JOHN LYDON: We went to America because it was… the fatal attraction! It was the big boil on the backside of the world, that one. Absolute—that’s a nuthouse. Gots to get there, gots to see what that place is about.
This episode especially addresses the obstacles posed by the United States’ cultural geography, at least before MTV (and, not mentioned here, corporate radio consulting firms) consoldated a single national channel for music broadcast. If British musicians really wanted to make an impact, they had reach out to the still-regional radio markets and fanbases. This meant leaving the agreeable oasis of NYC, typically the first stop for a transatlantic tour, and making their way into the country’s vast commercial and cultural hinterlands—”the unglamourous underbelly of America,” the narrator helpfully explains. The stories of these travels are especially memorable, as this recollection from Simple Minds’ Jim Kerr illustrates.

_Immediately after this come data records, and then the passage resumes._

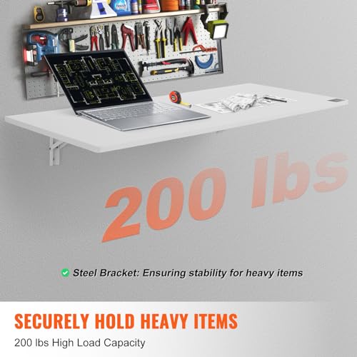 VEVOR Wall Mounted Folding Table, 47.24" x 19.69" Wall Mount Drop Leaf Table, Floating Desk with Iron Bracket, Fold Down Desk for Small Spaces, Home Office, Dining, Laundry Room, Kitchen, Bar, White
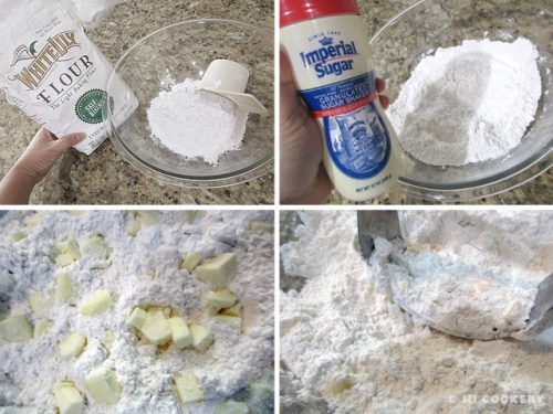 In a large bowl, combine the flour and sugar. Cut the butter into small pieces. Use a pastry cutter to mix the butter into the dough until it resembles peas.
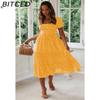 BITCED Summer Love Polka Dot Dress Women Casual A-Line Short Sleeve Square Collar Ruffle Midi Dress Chiffon Red Black Blue Green
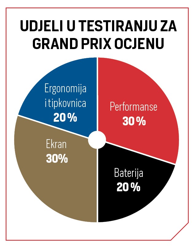 Za preciznije i objektivne brojke, iskoristili smo uobičajeni arsenal benchmark alata, no neke stvari nismo mogli objektivno mjeriti. Kvalitetu tipkovnice tj. ergonomiju ocjenjivali smo subjektivno, tipkajući postove po društvenim medijima u pauzi od tipkanja za ovaj broj časopisa. Ekran smo također ocjenjivali subjektivno, a jedina stavka za koju smo davali objektivni bonus je rezolucija. Full HD ekrani su, naravno, prošli nešto bolje nego HD ekrani. Ekrani s 1280 x 800, točnije jedan model s tim ekranom, dobio je i umanjenu ocjenu zbog rezolucije, unatoč odličnog kontrasta i touch panela.
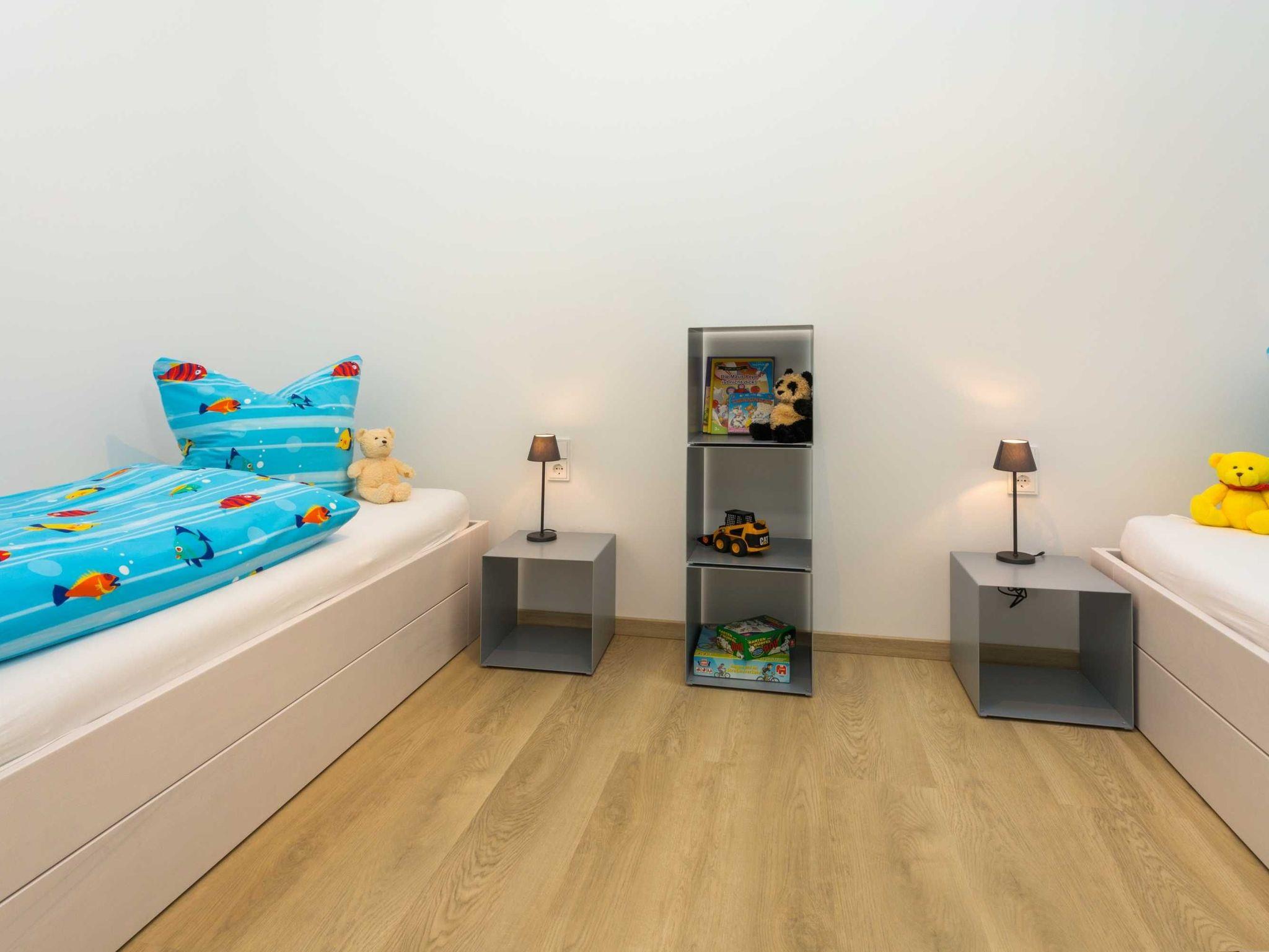 • 1 Schlafzimmer mit zwei Einzelbetten (jeweils 200cm x 100cm)
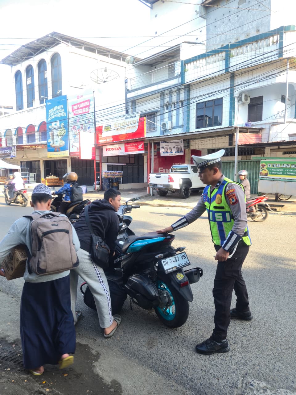 BONE – Dalam menumbuhkan kesadaran diri akan pentingnya memakai helm dalam mengendarai sepeda motor, Personel Sat Lantas Polres Bone yang melaksanakan gatur pagi rutin memberikan imbauan tertib berlalu lintas kepada masyarakat, Senin (20/4/2026).
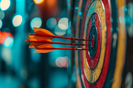 A colorful target with arrows hitting the bullseye, symbolizing precision and success, set against a soft blurred background, perfect for business promotion
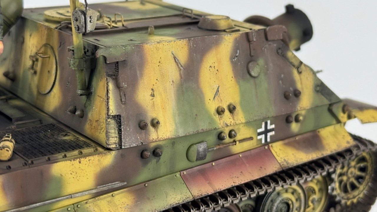 스펀지 치핑과 유화물감을 사용한 웨더링이 되겠네요.
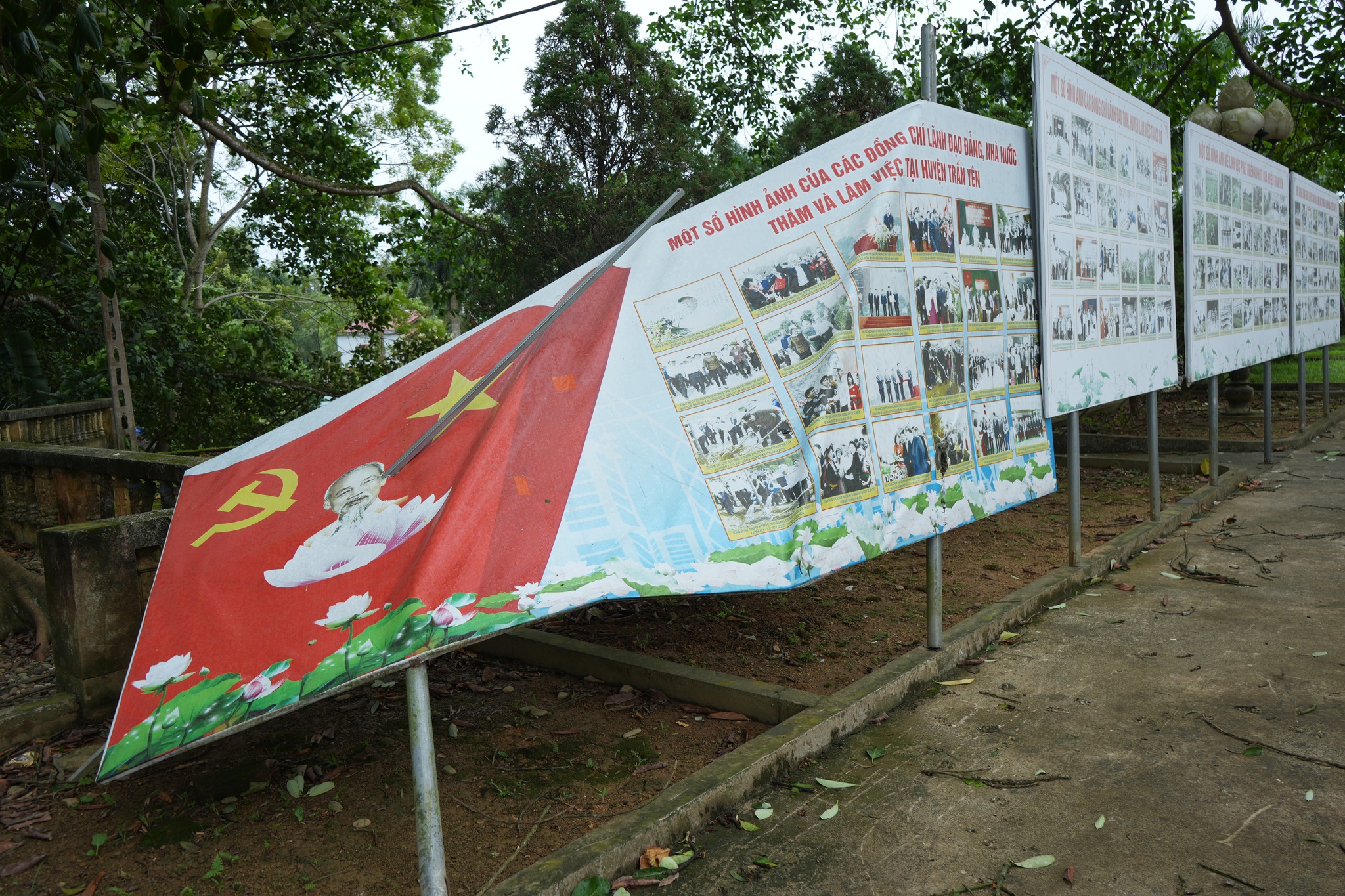 Dông lốc còn làm đổ 1 cột điện hạ thế, một số tường rào, pano ở các xã bị gẫy đổ, đến nay Trấn Yên đã có trên 37ha lúa bị gẫy đổ.

JIM KERR: It was like walking into a clichéd dream of New York. We played that night [at Hurrah’s in 1979], and in the audience Iggy Pop was heckling us, and Lou Reed was being moody off in the corner. It was exciting beyond belief, and it was also very intimidating. Then came the reality. You drive an hour and a half to Buffalo, and there’s two men and a dog there. And it’s like, I thought we were stars last night; I thought Lou Reed and Iggy Pop were here, and Debby Harry was there. Why would they need us? Why would they need some movement from the U.K.? But of course, like anywhere, there were teenagers who were hungry for something that was different and exotic.

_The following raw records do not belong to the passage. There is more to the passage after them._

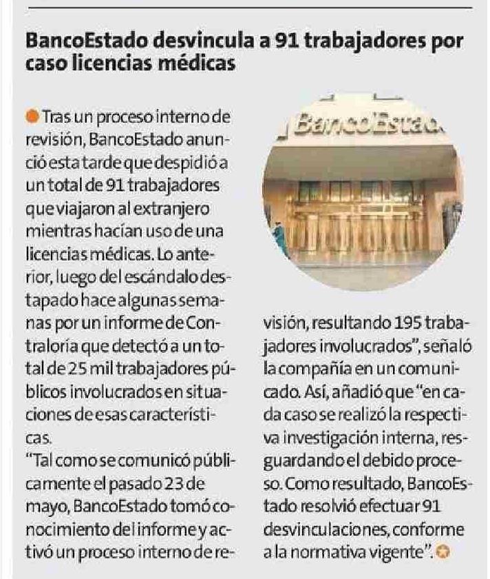 BancoEstado desvincula a 91 trabajadores por caso licencias médicas
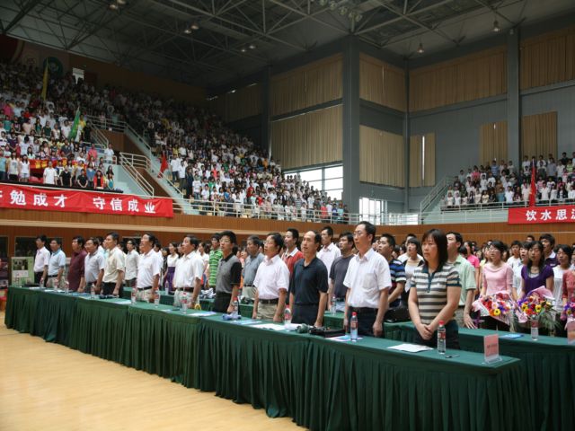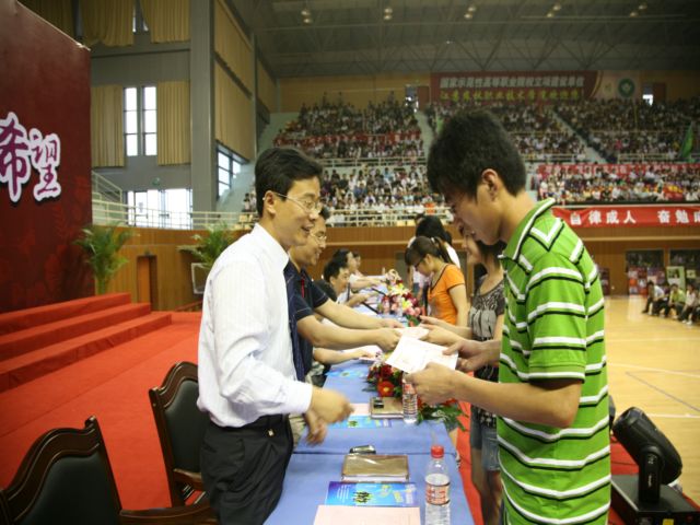 2009年6月9日下午,永利官网在体育馆隆重举行2009届毕业生毕业典礼。学院领导黄焱、尹汉学、李振陆、王润贤、苏小冬、江德明等出席了毕业典礼,各系主任、相关部门负责人、教授代表、各系团总支书记、专职辅导员、毕业班班主任及3133名毕业生参加了毕业典礼。典礼由李振陆副院长主持。
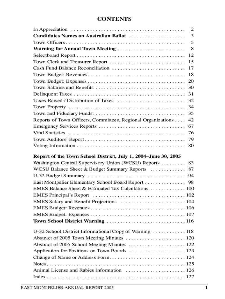 CONTENTS In Appreciation. . . . . . . . . . . . . . . . . . . . . . . . . . . . . . . . . . . . . . . . . . Candidate Names on Australian Ballot. . . . . . . . . . . . . . . . . . . . . Town Officers.
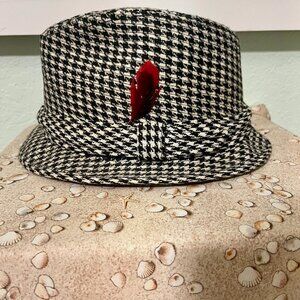 Vintage Larchmont Houndstooth Wool Fedora Hat w/ Red Feather – Size 7

An hour and a half drive to Buffalo?! Clearly those days are a blur to Jim Kerr now; on the best of drives, Buffalo is a good six or seven hours away from NYC. There’s no discussion here about who those hungry teenagers were, what their cities and towns were like, and how these kids responded to the sounds of British new wave. But the secret to cracking the American market is revealed via the crucial figures of the Police, the first British band of the punk/new wave era to top the U.S. charts and fill stadiums across the country. MTV was certainly an asset in their campaign, but the basis of their success was set earlier, as their manager (and brother to the drummer) explains.

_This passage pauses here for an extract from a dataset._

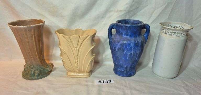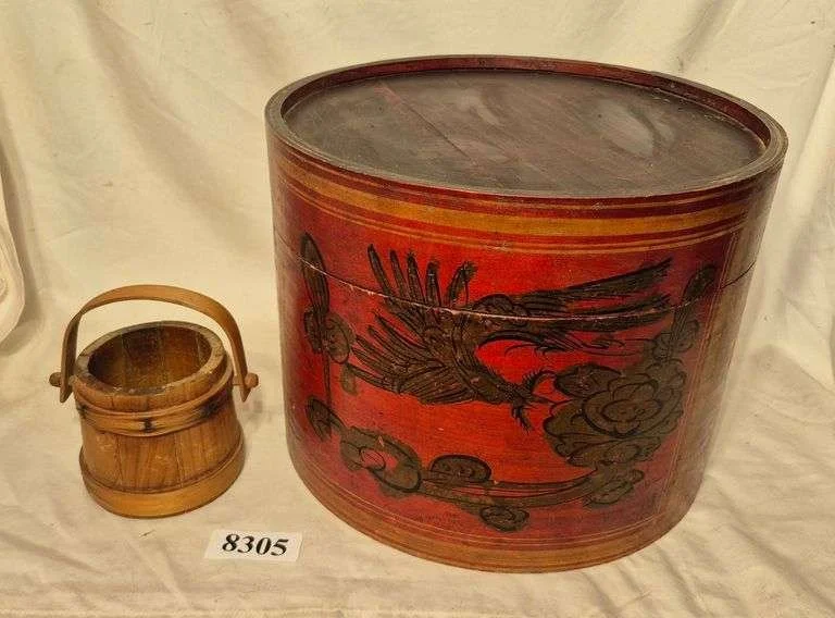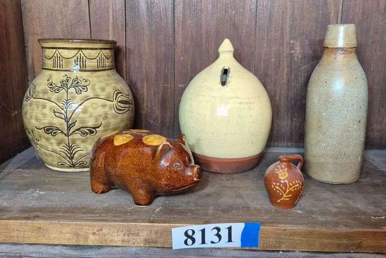 8023 Studio pottery vase, Peru vase, sewing basket, Asian bowls

MILES COPELAND: The secret of the Police was that it was affordable. With only three guys and a roadie, we could literally say, You know what? We don’t need the radio. We don’t need that big support system. We don’t need the tour support of the big record company and all that stuff. We don’t need the big touring bus. We can get in a station wagon, you know, and we can go play a 300-seat club. And you know what, with two hotel rooms, because we’d have one roadie, and the guys would double up, and we’d get a rollaway bed, we could actually go out in the market. So we could get back to the people. And in the end, it’s the fans that can make it happen or not.
Predictably, I about fell off my seat when Andy Summers cited my city Poughkeepsie (which really is an hour and a half drive from NYC) as the beachhead in the Police’s campaign to win over America.
ANDY SUMMERS: We did play in Poughkeepsie on that tour, and it has sort of in time become legendary. We were at this place called the Last Chance Saloon, aptly named, and there were only four people there. And it was like, well, not really worth bothering. But we had the spirit at the time; we thought, well, you know, we’ve got paying customers—all four of them. We did the show, and everybody absolutely loved it, all four of them. They all came back in the dressing room!
Just for kicks, I asked John Barry, the music reporter at the Poughkeepsie Journal, if he knew about this show.
In sum, “How the Brits Rocked America” is highly entertaining documentary chock full of great interviews and detailed observations of British musicians’ encounter with American geography. But I confess that watching my favorite British musicians describe how backward and weird my country was, hearing no voices of their American fans, and learning the “secret” to conquering the U.S., I had an uncommon thought for an American: so this is what colonialism feels like on the receiving end.